Exercise data –
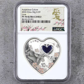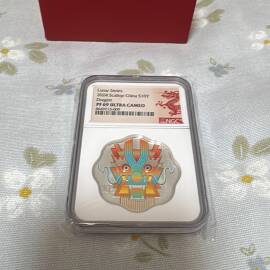 描 述:2024年甲辰龙年梅花银币,NGC封装PF69分,大奔富龙,证书12027,寓意要爱爱妻❤️,30克足银999,面值10元,限量发行。带原盒和中国人民银行证书,品相完美,保真带标。
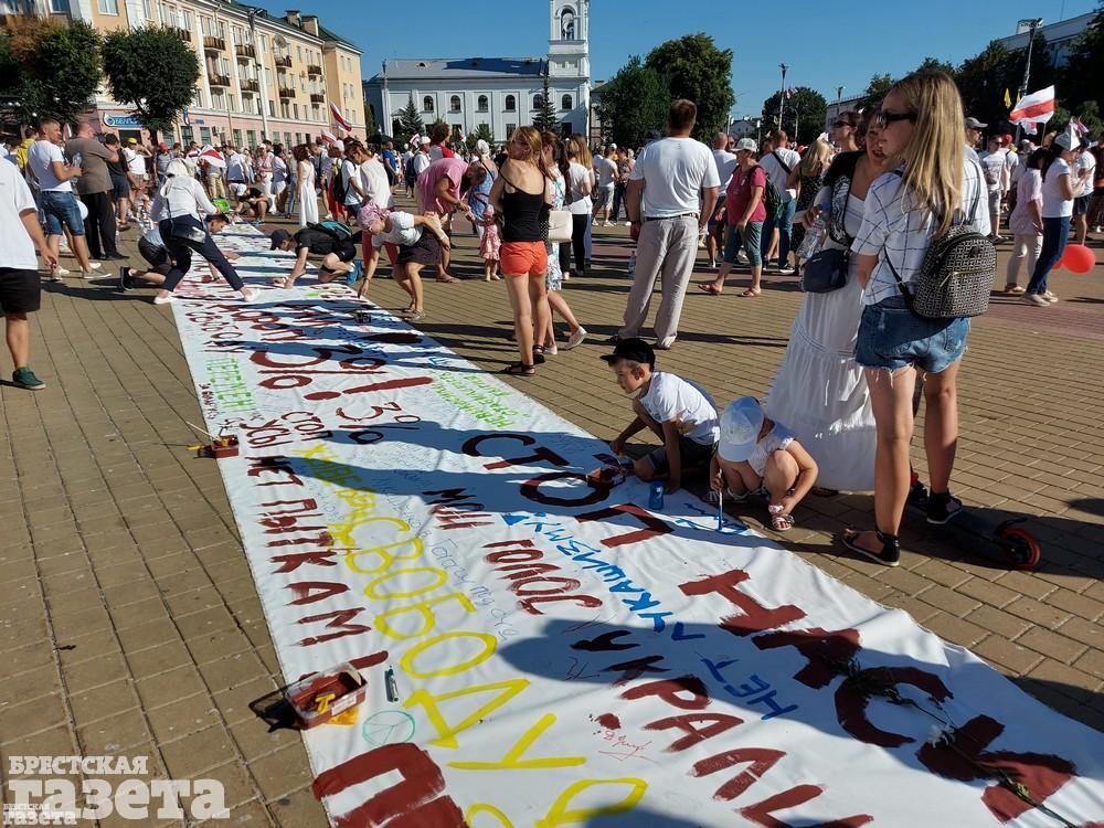 Брестчане растянули бело-красно-белый флаг длиной в 100 метров. Люди все еще подтягиваются к площади.
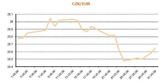Volatilita se v červenci na devizovém trhu opět zvýšila. Během první poloviny měsíce jsme viděli korunu pohybující se blízko hranice 26,00 CZK/EUR. Ve druhé půlce měsíce však koruna výrazně posilovala. Během týdne se dostala z hladiny 26,00 CZK/EUR až pod 25,50 CZK/EUR, kde se s menšími výkyvy udržuje až do konce měsíce.

Exercise brief – Copy out all the data exactly; skip the pictures.

Solution to the problem –
 描 述:2024年甲辰龙年梅花银币,NGC封装PF69分,大奔富龙,证书12027,寓意要爱爱妻❤️,30克足银999,面值10元,限量发行。带原盒和中国人民银行证书,品相完美,保真带标。
 Брестчане растянули бело-красно-белый флаг длиной в 100 метров. Люди все еще подтягиваются к площади.
Volatilita se v červenci na devizovém trhu opět zvýšila. Během první poloviny měsíce jsme viděli korunu pohybující se blízko hranice 26,00 CZK/EUR. Ve druhé půlce měsíce však koruna výrazně posilovala. Během týdne se dostala z hladiny 26,00 CZK/EUR až pod 25,50 CZK/EUR, kde se s menšími výkyvy udržuje až do konce měsíce.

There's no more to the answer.